47 emails, several demonstrations, and a few lunches later, we were bought in and poised to invest in WarpTable. Alas, another Amplify founder beat us to the punch. In October 2019, Richie demo’ed WarpTable to Alexis Lê-Quôc. A few months later, Richie and Ryan joined Datadog to develop a WarpTable-like storage solution that could optimize Datadog’s APM and logging products (this platform later became Husky Datadog’s next-gen log storage engine). 

Nonetheless, we remained confident that Richie and Ryan might start a company in the future. We thought they’d be even more excited about pursuing entrepreneurship after learning about product management, sales, and leadership from the talented team at Datadog. And we just loved talking about databases with them. So we did. For the next three years, we talked about transaction isolation, instance-optimized databases, query optimization, and more. We debated the advantages and disadvantages of relational databases for transaction processing, imagined how databases might exploit new hardware platforms, and tried to anticipate Andy Pavlo’s next antics. 

The truth is after spending 4 years with Richie and Ryan, we could not imagine a future where we didn’t one day work with them. They knew more about databases than most experts delivering keynote presentations at VLDB. They cared more about developer ergonomics and user impact than the most sophisticated product designers.
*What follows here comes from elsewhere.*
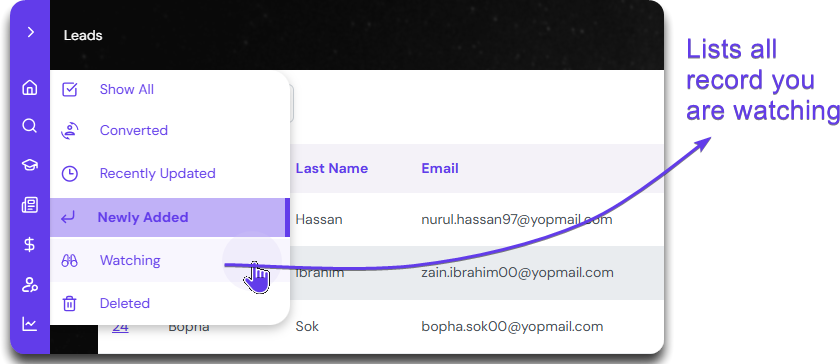 Click on the “Leads” on the main menu bar. All the lead records will be visible.

They understood that building cloud-native infrastructure meant more than just lifting and shifting to the cloud. We just hoped and prayed that they didn’t start a space tourism startup on the blockchain.

So when Richie emailed us to say that Ryan was trying to convince him to build a “cloud-native replacement for Kafka WarpTable-style,” we were in. Upon hearing more about their vision, we told them that they’d be crazy not to build this given the clear market demand for stream processing tools with much higher ROI. Within weeks, we were wiring our investment. 

A lot has changed since we first invested in WarpStream in April 2023. They’ve developed a Bring-Your-Own-Cloud and serverless product, they released key features like compacted topics and infinite retention, they’ve helped companies like Middleware dramatically reduce their stream processing costs…and they raised a Series A round! The history of the Amplify-WarpStream relationship is long; over the past few years, we’ve had the chance to support Richie and Ryan as they’ve developed so many compelling data infrastructure projects. We know that WarpStream’s first products are just the beginning and look forward to continuing to support them on their journey. 

Nowadays, we spend most of our time working with the WarpStream team to support deeper integration into the Kafka ecosystem, expand their engineering and GTM team, and explore future opportunities like programmable streams. But we still find time to spat over LSM tree-managed storage - and we always will.